今「すくなくともレベル4よりは手前に」と言ったように不確定な状況下ではレベル3についての判断はできなかっただろうし、個々ではなく大衆という集合的に考えた場合に、レベル3まで認めたら、そこからレベル4を「演繹」する人たちもいるので、このレベル階層は階段というより坂になっている。世の中の空気次第では、レベル3を認めたらそれがレベル4を認めることにつながるという関係はあるということだ。その影響関係をもって「解釈できるような発言」と、たぶん、あずまんは本気で思っているのだろう。実際解釈が100%不可能かと言われれば可能なわけなので、「解釈できるような発言」ではある。

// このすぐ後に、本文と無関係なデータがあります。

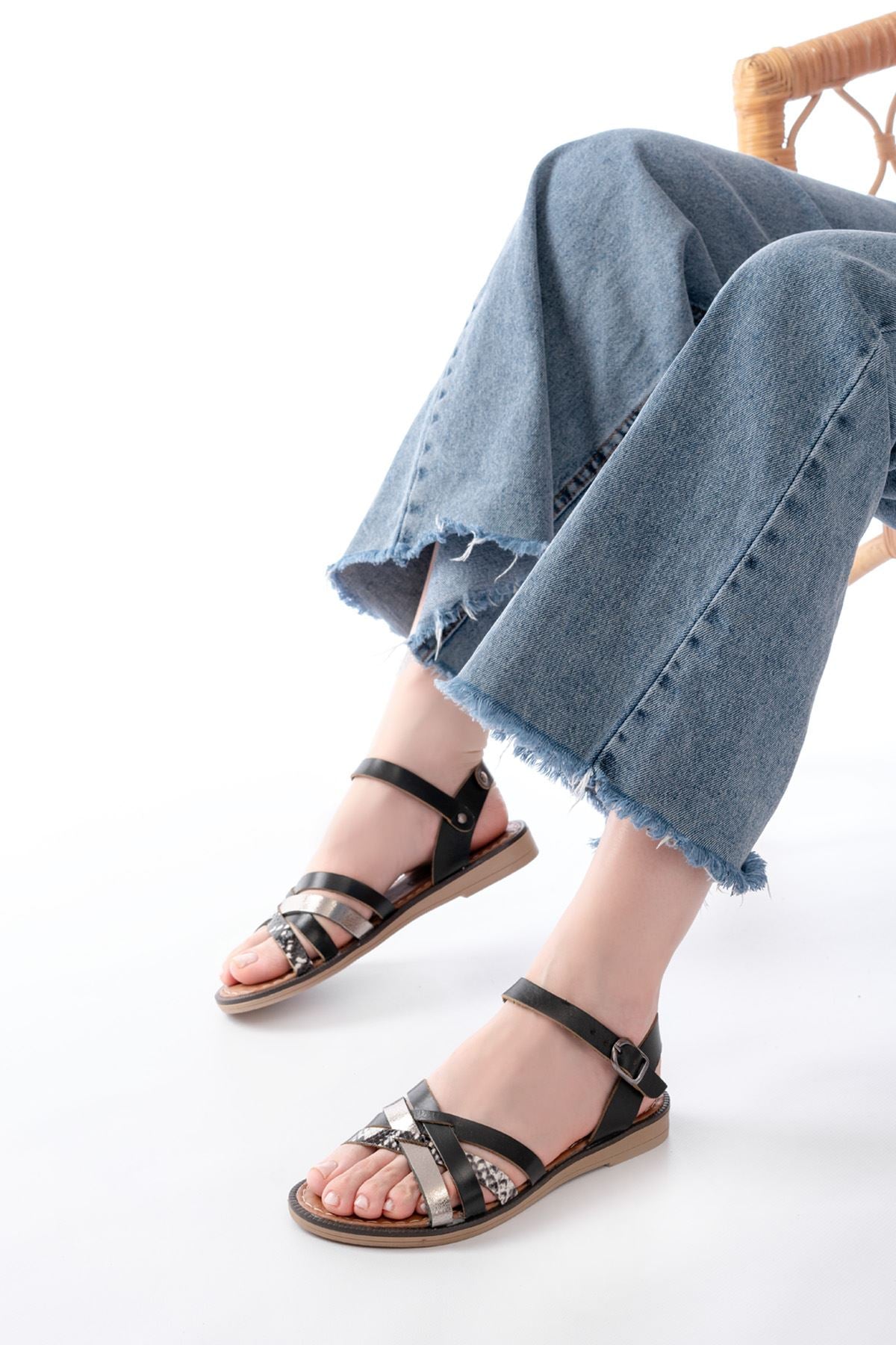 - Şıklık ve konforu bir arada sunan Ayakkabı Aşkı siyah sandalet, günlük kombinlerinize zarif bir dokunuş katar.
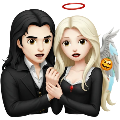 Vampire man biting angel woman emoji
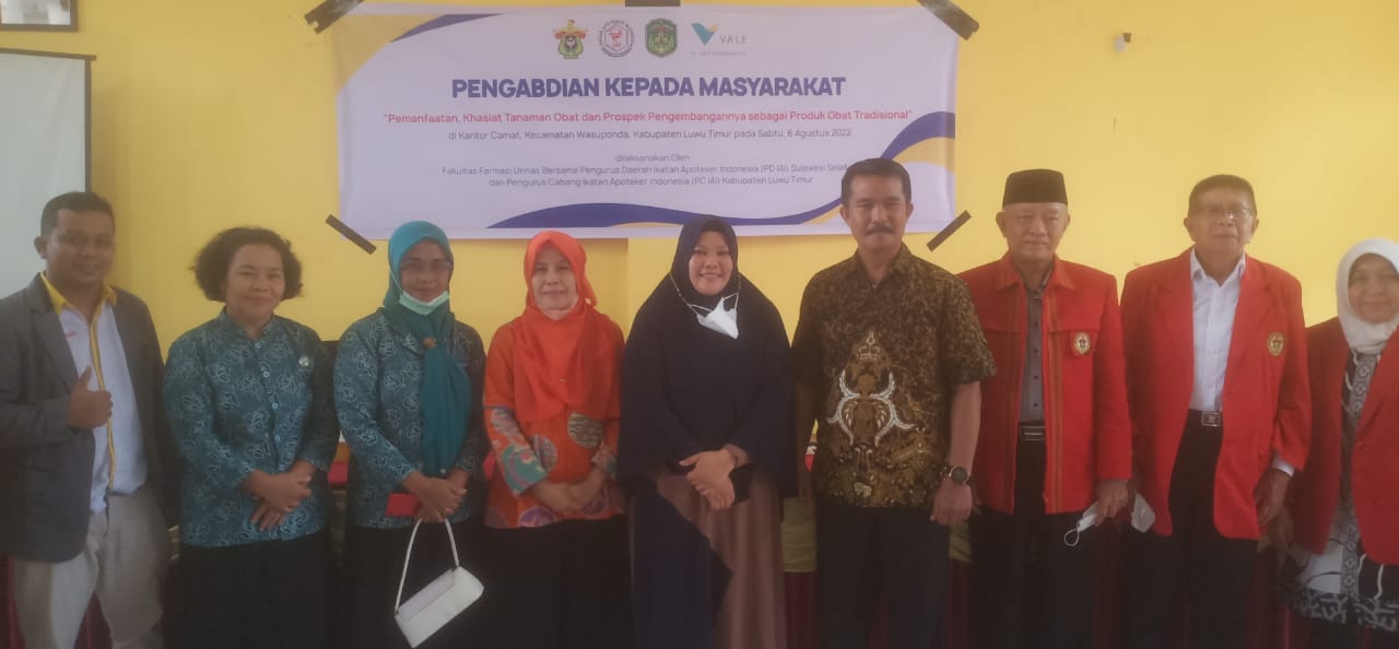 Tampak hadir, Camat Wasuponda, Bambang Andi Acang, Dekan Fakultas Farmasi Unhas, Prof. DR. Rer Nat beserta rombongan, dan Ketua PC Ikatan Apoteker Indonesia (IAI) Kabupaten Luwu Timur, Firman Mahjud.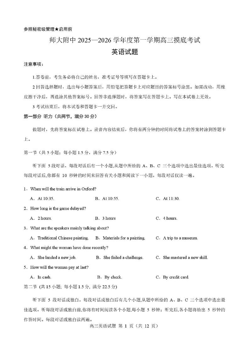 山东师大附中2025-2026学年度第一学期高三摸底考试 英语.pdf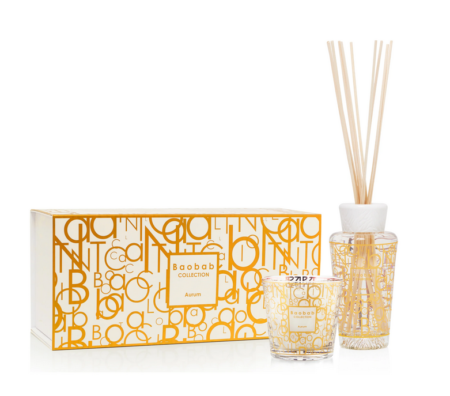 La bougie parfumée et le diffuseur de parfum Aurum sont l’un des parfums mythiques de Baobab Collection. Nous avons créé un monogramme inspiré des années 70 pour un relooking moderne et créatif très identitaire de notre marque.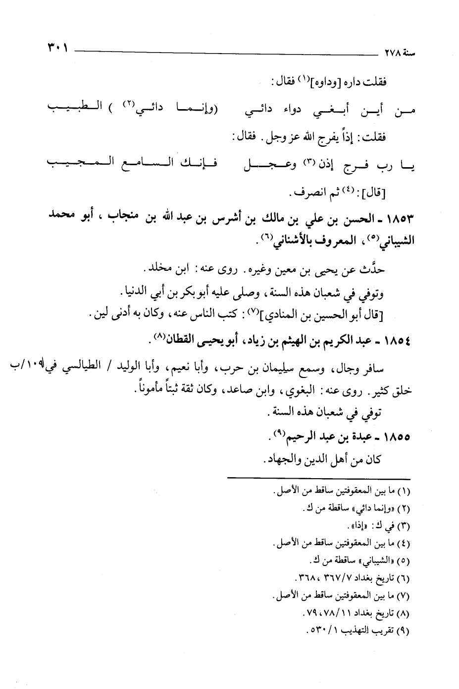 1853- الحسن بن علي بن مالك بن أشرس بن عَبْد اللَّهِ بن منجاب، أبو مُحَمَّد الشيباني [5] ، المعروف بالأشناني [6] .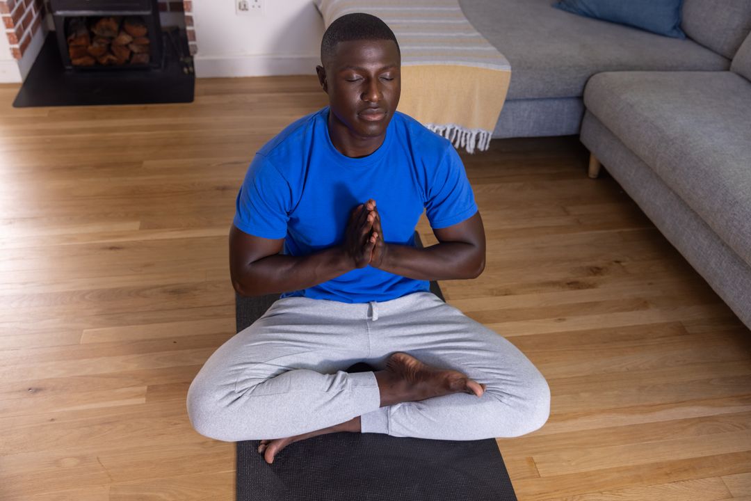 This image shows an African American man practicing meditation on a yoga mat indoors. Suitable for illustrating themes of wellness, relaxation, and mindfulness in digital media or print publications promoting a healthy lifestyle and mental well-being.

でも、それはあの場であずまんがそういう言い方をしたことが、福島さんの発言の解釈をそのように、つまりレベル4まで引き上げる方向に効果を発揮してしまっているのも誹られて然るべきだと思うし、メタな言及ができる状況下で「その解釈を許さない」と言えばいいわけなのだ。

彼は賢いのだからこんなことは分かっていて言っていると好意的に解釈すると、「そうやって言ったところで、そう解釈して統一教会やその関連の人間に危害を加えようとする人間は発生するのだから、紐付け自体も許さない」というのがあずまんの立場だということになってしまうと思うが、その立場にはここで個人的に明白に反対しておきたい。まず、世の中にはレベル3や4の問題で紐付けすら控えた方がよい問題は存在する。バックラッシュがあまりに激しい問題などはそうだし、マイノリティに本当に力が無い問題などはそちら寄りになる。日本が犯罪多発の不安定な社会だったらそれもその判断に影響するだろう。「大衆はさておき、私は正しいことを言う」というのは力を持った発言者には許されない。大衆はそこにいる。あなた(この文脈では福島さん)はマスコミュニケーションをしている。そこまでは、おそらくリベラルな人間の中ではかなり僕はあずまん寄りに物事を考えている方だと思う。

でも、現状、2世の苦しみなども話題に上り、統一教会関係者を単なる加害者として叩く方向にはいっていない以上、ことこの問題に関しては紐付けはある程度うまく機能したと言えるだろうし、そこで発生した無辜の被害があるならばそれを個別に指摘するのが倫理的なネット民がやるべきことであり、個別の指摘をまとめあげて端的なモデルを提示して見せるのが賢い人間のやるべきことである。大衆不信からあの紐付け自体を否定してしまったら、ここに辿り着いていない。そして、どれだけ、結果的に良い変化が、あの銃撃のあとに起ころうとも、銃撃自体は許されないことである。良い変化は、事件を良い変化に結びつけた人々の努力の結果であるし、その一つに、あの不確定な状況下で抑制的に、でも適切に追及を行った人々はいるわけで、私は福島さんの発言はそこに属すると思う。また、私たちは銃撃を介さずにその変化を起こせたように努力をすべきだし、それを可能にする社会を築かねばならない。